At the L1 level, the correct label is Event, but our model predicted Agent.


Here is a summary that our model correctly classifies at the L1 level.

"Liu Chao-shiuan (Chinese: 劉兆玄; pinyin: Liú Zhàoxuán; born May 10, 1943) is a Taiwanese educator and politician. He is a former president of the National Tsing Hua University (1987–1993) and Soochow University (2004–2008) and a former Premier of the Republic of China (2008–2009)."

At the L1 level, the correct label is Agent, and our model correctly predicted this.


Here is a summary that our model incorrectly classifies at the L2 level.

"Michelle Maylene (born January 20, 1987) is an actress, adult model, and former adult film star."

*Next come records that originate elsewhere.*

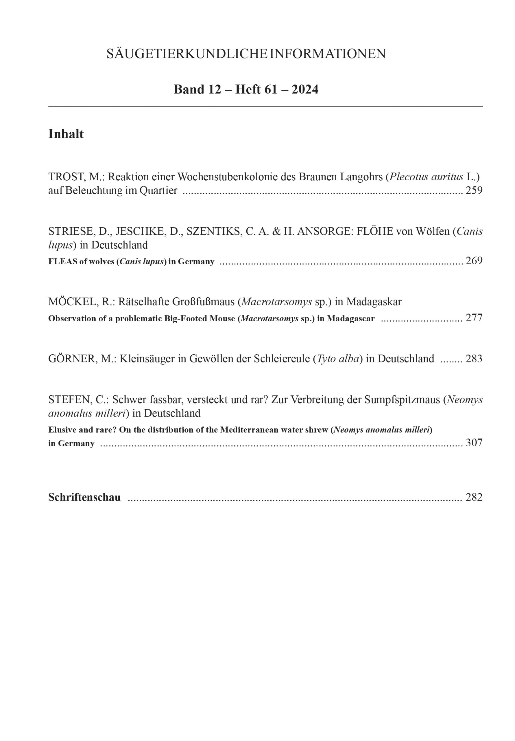 Säugetierkundliche Informationen – Band 12, Heft 61, 2024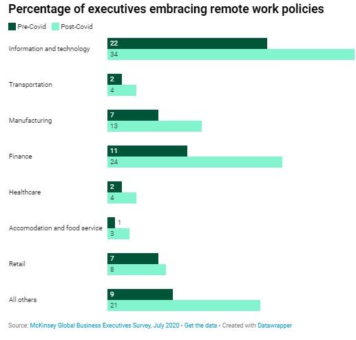 Εξάλλου, όπως αναφέρει η έρευνα της McKinsey, για τις ΗΠΑ πένω από το 60% των εργαζομένων δεν μόρεί να εργαστεί εξ αποστάσεως. Όπως αναφέρει επίσης «σε λιγότερο ανεπτυγμένες οικονομίες, το ποσοστό των εργαζομένων που δεν μπορεί να δουλέψει με τηλεργασία, αυξάνεται ακόμα περισσότερο».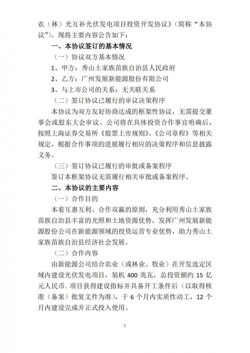 2月26日,廣州發(fā)展發(fā)布公告稱,其全資子公司廣州發(fā)展新能源股份有限公司與與重慶市秀山土家族苗族自治縣人民政府簽署《秀山土家族苗族自治縣400MW農(nóng)(林)光互補(bǔ)光伏發(fā)電項目投資開發(fā)協(xié)議》。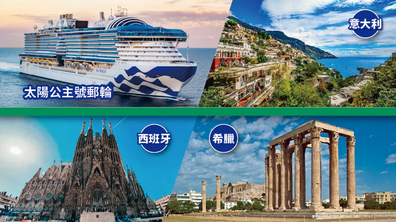 今次「太陽公主號」設計的3大航線,分別以西班牙、意大利及希臘為軸心,全程不設自費活動,並包含所有稅項及當地特色美食;亦無須額外收取旅行團服務費,一個價錢優遊全包,輕鬆出遊無需計較!即睇邊條航線最啱玩!

At the L2 level, the correct label is Actor, but our model predicted Person.


Here is a summary that our model correctly classifies at the L2 level.

"Grote Prijs Stad Zottegem is a single-day road bicycle race held annually in August in Zottegem, Belgium. Since 2005, the race is organized as a 1.1 event on the UCI Europe Tour. The race started out as 'Dokter Tistaertprijs' in 1934. Between 1971 and 1998 it was called 'Herinneringsprijs Dokter Tistaert - Prijs Groot-Zottegem'. In 1999 it changed to 'G.P. Zottegem - Tistaertprijs' and since 2002 it has the current name."

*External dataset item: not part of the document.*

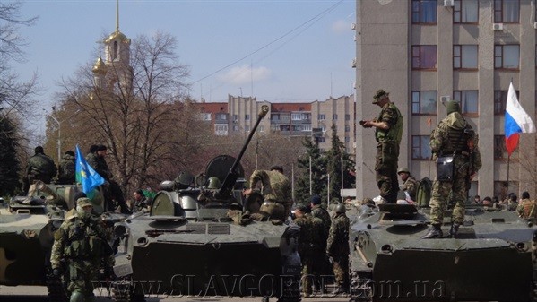 "16 апреля, в Славянск вошло шесть единиц бронетехники, над которыми развиваются российский флаг и флаг Народного ополчения Донбасса. Сейчас бронетехника стоит за исполкомом, в центре города. К военным машинам подходят жители Славянска, скандируют "Молодцы" и "Донбасс". Солдаты при себе имеют оружие", - пишет издание.

At the L2 level, the correct label is Race, and our model correctly predicted this.


Here is a summary that our model incorrectly classifies at the L3 level.

"Johannes Petrus \""Hans\"" Nijman (September 23, 1959 – November 5, 2014) was a Dutch former professional mixed martial artist and professional wrestler. He competed in the heavyweight division. He was a RINGS Holland veteran and fought for many other top promotions such as Pride FC and It's Showtime. Nijman is believed to have had connections with Willem Holleeder and other big names in the Dutch criminal underworld. His name appeared in several police records and has also been used in big court cases."

At the L3 level, the correct label is MartialArtist, but our model predicted AmateurBoxer.


Here is a summary that our model correctly classifies at the L3 level.

"Brekke Church (Norwegian: Brekke kyrkje) is a parish church in Gulen Municipality in Sogn og Fjordane county, Norway. It is located in the village of Brekke. The church is part of the Brekke parish in the Nordhordland deanery in the Diocese of Bjørgvin. The white, wooden church, which has 390 seats, was consecrated on 19 November 1862 by the local Dean Thomas Erichsen. The architect Christian Henrik Grosch made the designs for the church, which is the third church on the site."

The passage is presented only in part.